» Records shown:
—————

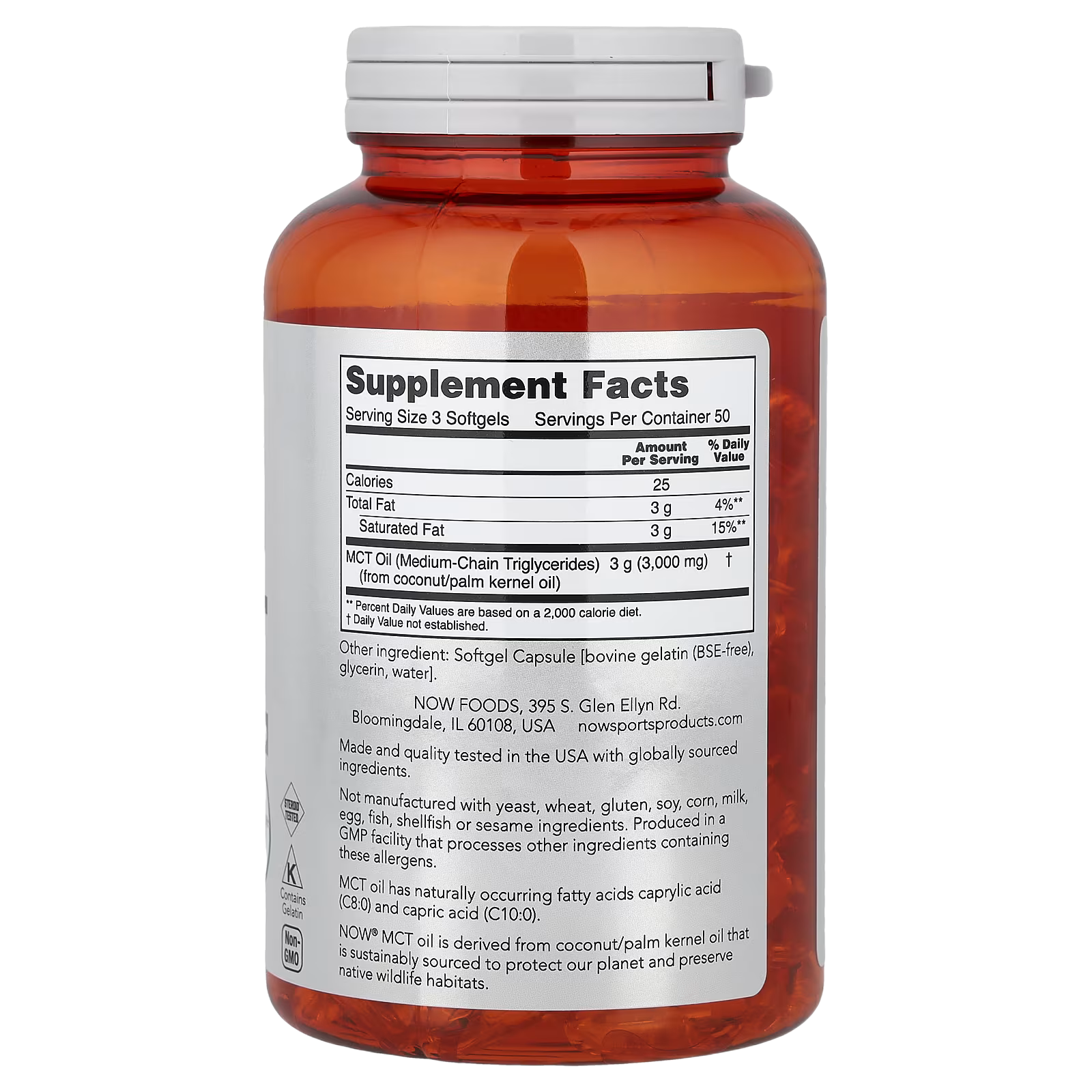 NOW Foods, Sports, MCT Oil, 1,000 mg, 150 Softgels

—————

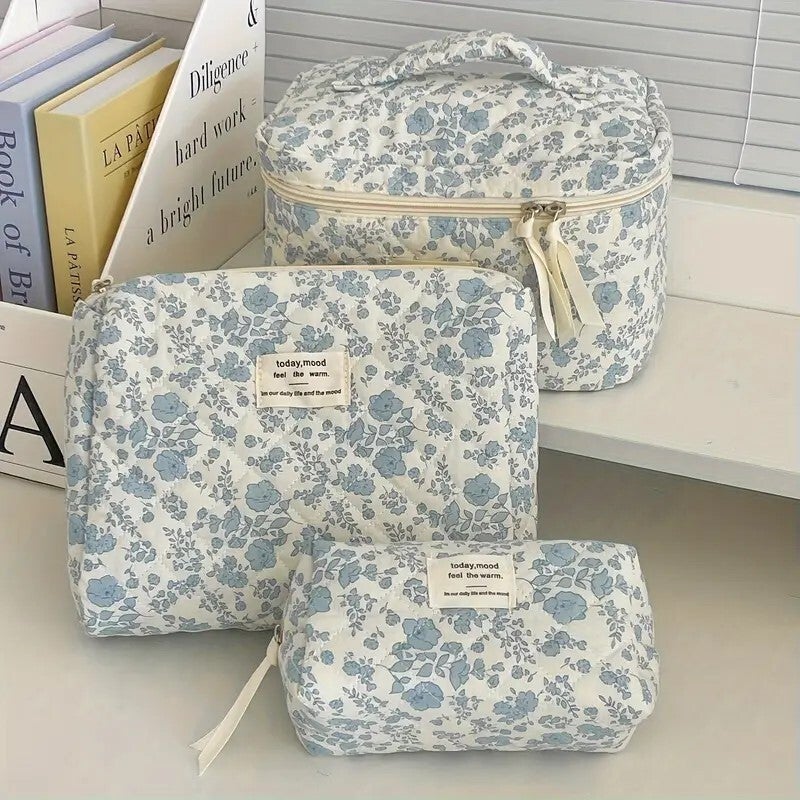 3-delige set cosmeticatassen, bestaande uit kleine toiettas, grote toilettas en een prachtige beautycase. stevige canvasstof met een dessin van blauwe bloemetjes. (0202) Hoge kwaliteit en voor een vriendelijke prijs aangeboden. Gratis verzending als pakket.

—————

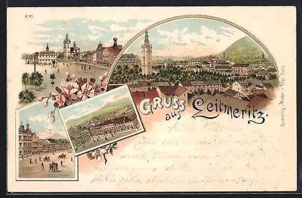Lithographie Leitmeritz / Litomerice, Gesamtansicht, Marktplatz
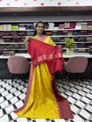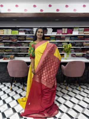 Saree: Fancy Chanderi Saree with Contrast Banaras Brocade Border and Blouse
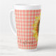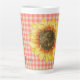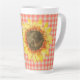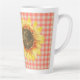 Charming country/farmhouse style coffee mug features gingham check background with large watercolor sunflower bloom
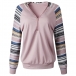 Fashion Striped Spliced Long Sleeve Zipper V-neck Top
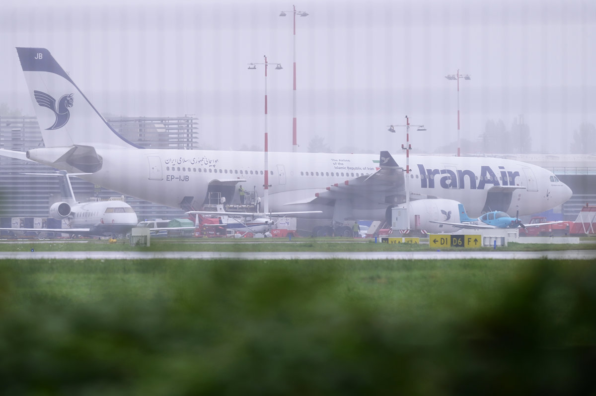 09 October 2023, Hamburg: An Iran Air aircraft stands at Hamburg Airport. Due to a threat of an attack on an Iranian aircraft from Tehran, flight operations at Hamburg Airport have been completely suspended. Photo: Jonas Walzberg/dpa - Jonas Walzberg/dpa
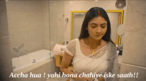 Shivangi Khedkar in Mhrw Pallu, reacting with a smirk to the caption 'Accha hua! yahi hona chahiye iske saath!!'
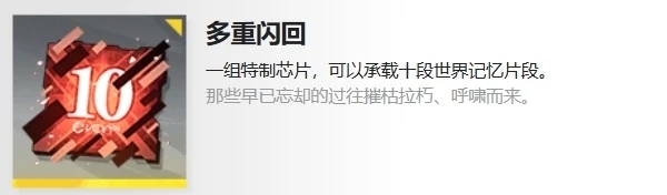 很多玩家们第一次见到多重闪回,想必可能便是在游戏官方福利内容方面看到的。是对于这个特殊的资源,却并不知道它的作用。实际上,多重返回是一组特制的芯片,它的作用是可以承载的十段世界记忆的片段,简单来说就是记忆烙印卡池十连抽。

—————

» What you will do: Above are records; write out the lines from the one with "Saree: Fancy Chanderi" down to the one with "Fashion Striped Spliced", exactly, leaving the pictures out.

» Exercise response:
 Saree: Fancy Chanderi Saree with Contrast Banaras Brocade Border and Blouse
 Charming country/farmhouse style coffee mug features gingham check background with large watercolor sunflower bloom
 Fashion Striped Spliced Long Sleeve Zipper V-neck Top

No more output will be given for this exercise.